We recently started helping one of our clients exploring a migration from a datacenter hosted HPC workload that uses Sun Grid Engine to a Slurm HPC cluster in cloud. Creating a slurm cluster itself is not a difficult task in GCP, thanks to the multiple options available. There is a marketplace offering that lets you spin up a cluster quickly, or SchedMD’s terraform template is easy to get started with. There is also Cloud HPC Toolkit, which makes deploying a highly customizable and production grade cluster easy.
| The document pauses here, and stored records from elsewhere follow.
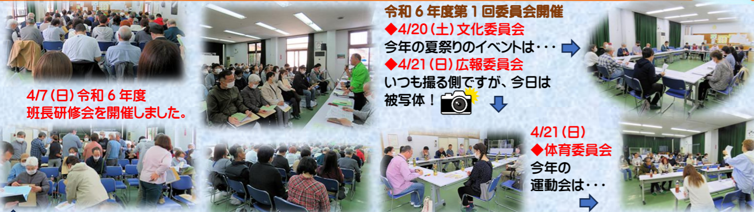
4/7(日)令和6年度 班長研修会を開催しました。

令和6年度第1回委員会開催 ◆4/20(土)文化委員会 今年の夏祭りのイベントは… ◆4/21(日)広報委員会 いつも撮る側ですが、今日は被写体！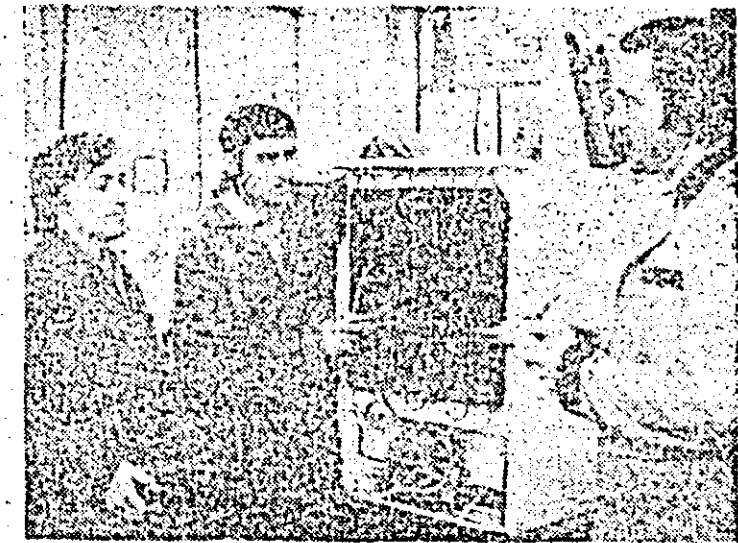
Aspect cotidian de la unitatea de reparații frigorifere de pe strada Mărășești.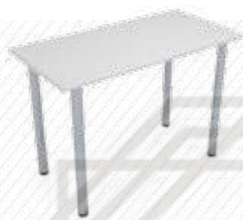
• Стол палатный 106-005-1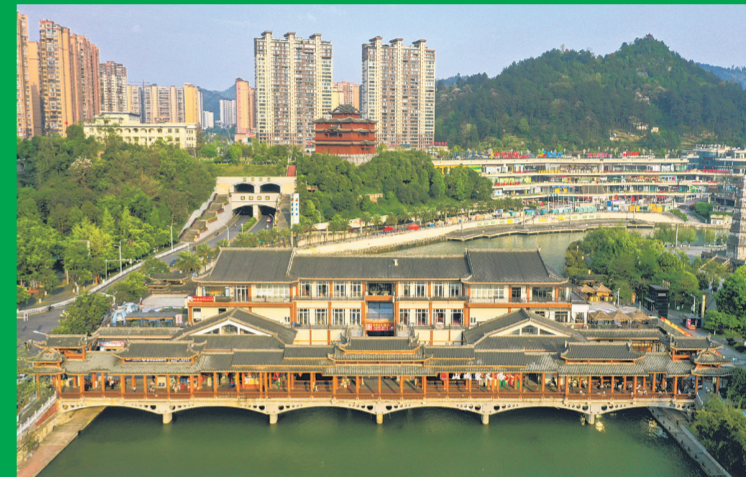
都匀市中心城市环境空气质量常年保持全省前列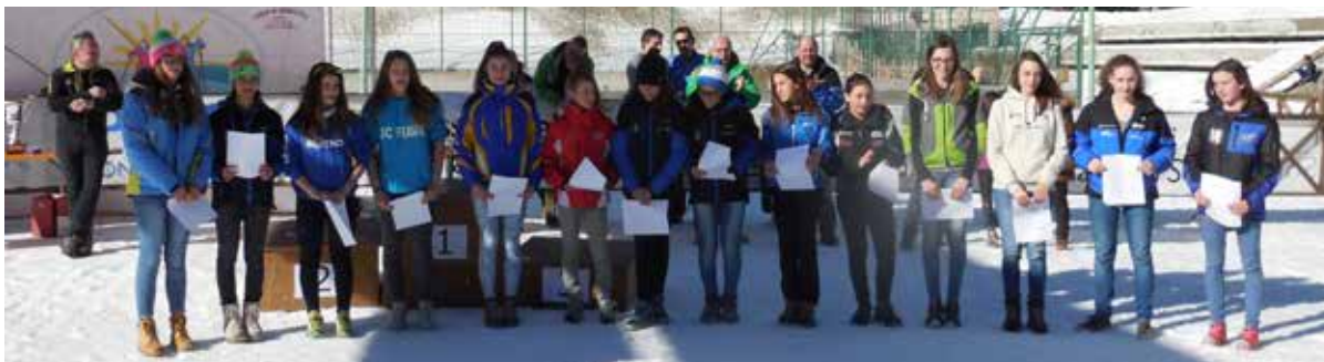
Categoria ragazzi femminile convocate alla premiazione dei Campionati Trentini Trofeo Enrico Cavallari del 21/02/2016.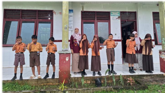
Gambar 4. Kesadaran kebersihan gigi

Usia sekolah merupakan masa untuk meletakkan landasan kokoh bagi terwujudnya manusia yang berkualitas dan kesehatan merupakan faktor penting yang menentukan kualitas sumber daya manusia. Peran sekolah sangat diperlukan dalam upaya pemeliharaan kesehatan gigi dan mulut anak, karena faktor lingkungan yang salah satunya adalah sekolah memiliki kekuatan besar dalam menentukan perilaku kebiasaan menyikat gigi pada anak yang dilakukan dalam kehidupan sehari-hari tanpa ada perasaan terpaksa.

An HPC cluster is not just the scheduler, but the actual software that runs on it. In this case, among other things, we had to make sure that we could run distributed LS-Dyna jobs using Intel MPI. A lot of things could go wrong while trying to make these systems work together — a Slurm cluster running on Google Compute Engine, scheduling LS-Dyna jobs with Intel message passing interface (MPI), and they did go wrong. We thought it’d be beneficial to document how we went about it for the future random internet stranger, just as we benefitted from the random internet strangers while trying to make this whole thing work. In this blog post, we will set up a Slurm cluster on GCE from scratch with Cloud filestore as the shared storage, install and configure Intel MPI, LD-Dyna and finally run a sample job.

Deploy a Slurm cluster

As mentioned above, there are multiple (easy) ways you can create a Slurm cluster on GCP like the marketplace, Terraform template, or HPC Toolkit. For this blog post, we will use SchedMD’s terraform template to build a basic cluster. You may create a VPC, Cloud Filestore as part of the template itself, but in our example, we are going to create them separately. Let’s get started.
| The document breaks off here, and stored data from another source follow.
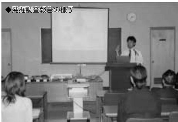
◆発掘調査報告の様子

出土した鹿角製腰飾り等の遺物は、7月から江戸東京博物館を皮切りに開催される文化庁主催の「発掘された日本列島2005」に出展されます。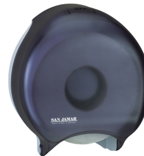
DISPENSADOR DE PAPEL HIGIÉNICO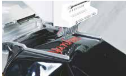
Side Clamp (140x220mm)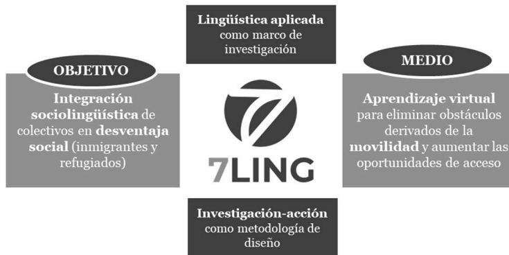
Figura 5: Esquema de organización de 7Ling.

Como hemos señalado, uno de los propósitos fundamentales del proyecto consistía en la creación de materiales virtuales de aprendizaje de lenguas extranjeras que estuvieran disponibles en acceso abierto. Estos materiales estaban concebidos para facilitar el aprendizaje de la lengua del país de acogida, uno de los medios más eficaces de integración que existen, y para continuar avanzando en el desarrollo de la enseñanza digital enfocada a la eliminación de las dificultades de acceso al sistema con el que se encuentran algunos colectivos, en concreto, inmigrantes y refugiados. En este contexto emerge como principal producto de transferencia 7Ling 7 , una aplicación móvil multilingüe que surge de un exhaustivo proceso de investigación impulsado por los miembros del consorcio con el apoyo de instituciones de educación superior egipcias. Esta iniciativa constituye un punto de interés esencial, pues se estructura tomando como referencia los elementos que vertebran esta publicación.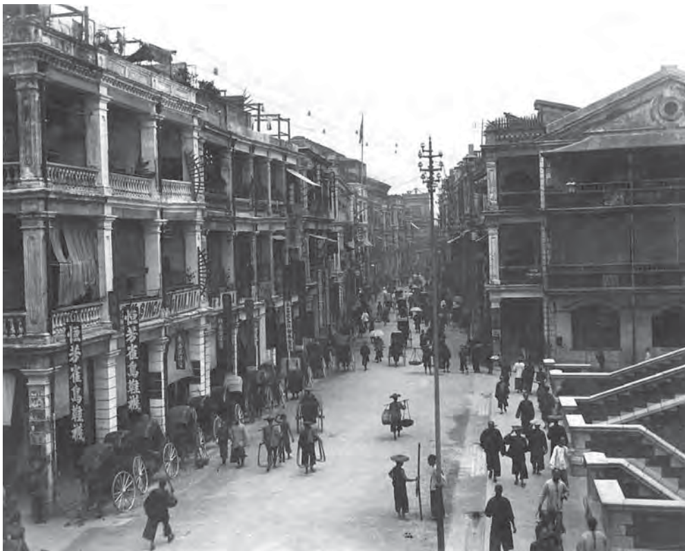
Рис. 3. Гонконг. Улица Queen's road. Неизвестный фотограф, конец XIX в. Альбуминовый фотоотпечаток. Коллекция поступила из Центрального Военно-морского музея Ленинграда. МАЭ. Колл. № И-1599-2/50-32

Под третьим и четвертым номерами в коллекции зарегистрированы две книги издания начала XX в. Они также посвящены жизни колонии в Цзяочжоу и путешествию по германским азиатским территориям от Генуи до Пекина. Вторая книга-альбом представляет наибольший интерес, так как является памятным изданием по случаю окончания срока службы Императорского чрезвычайного посла и полномочного министра Альфонса фон Мумма (1859—1924) и отъезда его из Китая в 1905 г. На первой странице есть посвящение: «Моим сотрудникам в Пекине на дружеское воспоминание об их шефе. Альфонс фон Мумм. Императорский чрезвычайный и посол и полномочный министр» [Опись № И-1599: 4 об. — 5].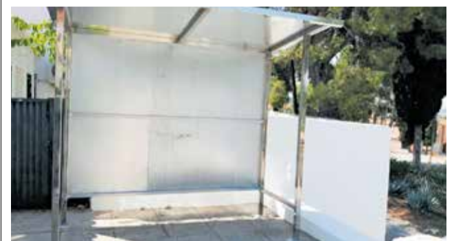
El cerramiento donde se ubicará la consigna.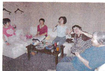
たくさん歌ったよ~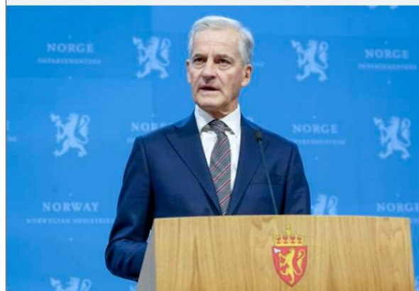
Statsminister Jonas Gahr Støre under pressekonferansen om regjeringens arbeid knyttet til krigen i Ukraina.

Med det mønsteret vi har sett så langt i Ukraina, der sivile blir rammet, mener statsminister Jonas Gahr Støre at det er dekning for å si at det foregår krigsforbrytelser.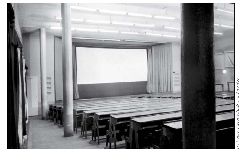
Előadóteremből alakították ki a nézőteret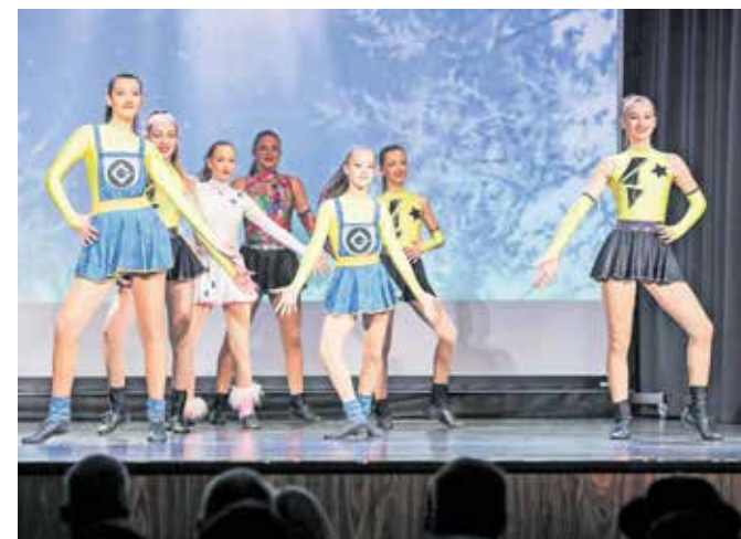
Z nastopom so navdušile tudi plesalke Plesnega kluba Tržič.

in breakdancea. Število članov Plesnega kluba Tržič kaže na to, da s svojimi plesalci delajo s srcem, saj v njihovih vrstah vsako leto pleše okrog dvesto plesalcev. Na nedavni slavnostni akademiji ob občinskem prazniku se je predstavila skupina deklet, rokenrol formacija, ki tekmovanja v Sloveniji običajno zaključijo na prvem oziroma drugem mestu. Tudi nastopi na svetovnih pokalih jim niso tuji, tam dekleta dosegajo odlične uvrstitve v izjemni svetovni konkurenci plesalcev.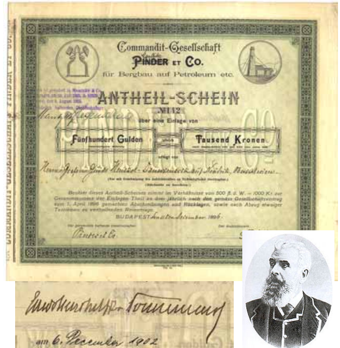
Originalsignatur Fürst Guido Henckel von Donnersmarck

If you already have a VPC and subnets, feel free to skip this section. If you don’t have one already, follow along.

Configure your project and region in gcloud

gcloud auth login 
gcloud config set project YOUR-PROJECT-NAME
gcloud config set compute/region asia-south1

We will create a VPC and one subnet in Mumbai region

gcloud compute --project=projectname firewall-rules create slurm-vpc-internal --direction=INGRESS --priority=1000 --network=slurm-vpc --action=ALLOW --rules=all --source-ranges=10.10.0.0/24

You might also want to create a NAT gateway for this VPC.
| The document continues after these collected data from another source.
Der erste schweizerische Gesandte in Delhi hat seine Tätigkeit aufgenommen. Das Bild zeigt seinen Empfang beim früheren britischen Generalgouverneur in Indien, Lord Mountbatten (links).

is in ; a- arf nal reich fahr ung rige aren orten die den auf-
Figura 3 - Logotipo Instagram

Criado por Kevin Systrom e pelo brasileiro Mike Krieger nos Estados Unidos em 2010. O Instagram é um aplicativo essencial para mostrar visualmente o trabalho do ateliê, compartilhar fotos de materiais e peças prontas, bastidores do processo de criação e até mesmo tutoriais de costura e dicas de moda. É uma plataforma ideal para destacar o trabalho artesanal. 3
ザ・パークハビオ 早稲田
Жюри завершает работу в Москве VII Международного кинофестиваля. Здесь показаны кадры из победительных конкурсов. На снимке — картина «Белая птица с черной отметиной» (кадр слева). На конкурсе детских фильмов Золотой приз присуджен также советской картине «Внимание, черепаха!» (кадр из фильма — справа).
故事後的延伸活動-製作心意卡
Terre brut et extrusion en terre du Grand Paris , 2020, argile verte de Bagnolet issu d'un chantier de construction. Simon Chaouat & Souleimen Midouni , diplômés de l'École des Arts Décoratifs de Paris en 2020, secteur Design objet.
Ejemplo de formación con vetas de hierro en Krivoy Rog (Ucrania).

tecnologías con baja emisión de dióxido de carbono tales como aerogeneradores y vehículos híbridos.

Go to cloud filestore service in GCP and create a basic file share choosing connectivity with the VPC we just created above. Also, configure the “private connection” under “advanced network options” to allow slurm nodes to freely mount the fileshare. I am naming this file share as slurmfs

Let’s now use the terraform template to create a Slurm cluster. We will be creating a “basic” and small cluster with 2 compute nodes in debug partition. You might want to use Cloud Shell for running terraform apply.

git clone https://github.com/SchedMD/slurm-gcp.git && cd slurm-gcp/terraform/slurm_cluster/examples/slurm_cluster/cloud/basic

You may choose the cluster type that makes the best sense for your scenario. For the sake of this blog post, we will choose a basic cluster. Edit the example.tfvars using your favorite text editor with the project, VPC, filestore, and other necessary details.

Under network storage, fill in the cloud filestore details you have created above

network_storage = [{
server_ip = "10.x.x.x"
remote_mount = "/slurmfs"
local_mount = "/data"
fs_type = "nfs"
mount_options = null
},
]

Similarly, the login

login_network_storage = [
{
server_ip = "10.x.x.x" #change this depending on your env
remote_mount = "/slurmfs"
local_mount = "/data"
fs_type = "nfs"
mount_options = null
},
]

Here is my Below is my example.tfvars file. You can make changes accordingly.

Run terraform

terraform init
terraform apply -var-file=example.tfvars

If everything went well, you should see the slurm cluster up and running on your GCP console. Connect to controller node (I am assuming you have the necessary firewall rules created allowing IaP access via SSH).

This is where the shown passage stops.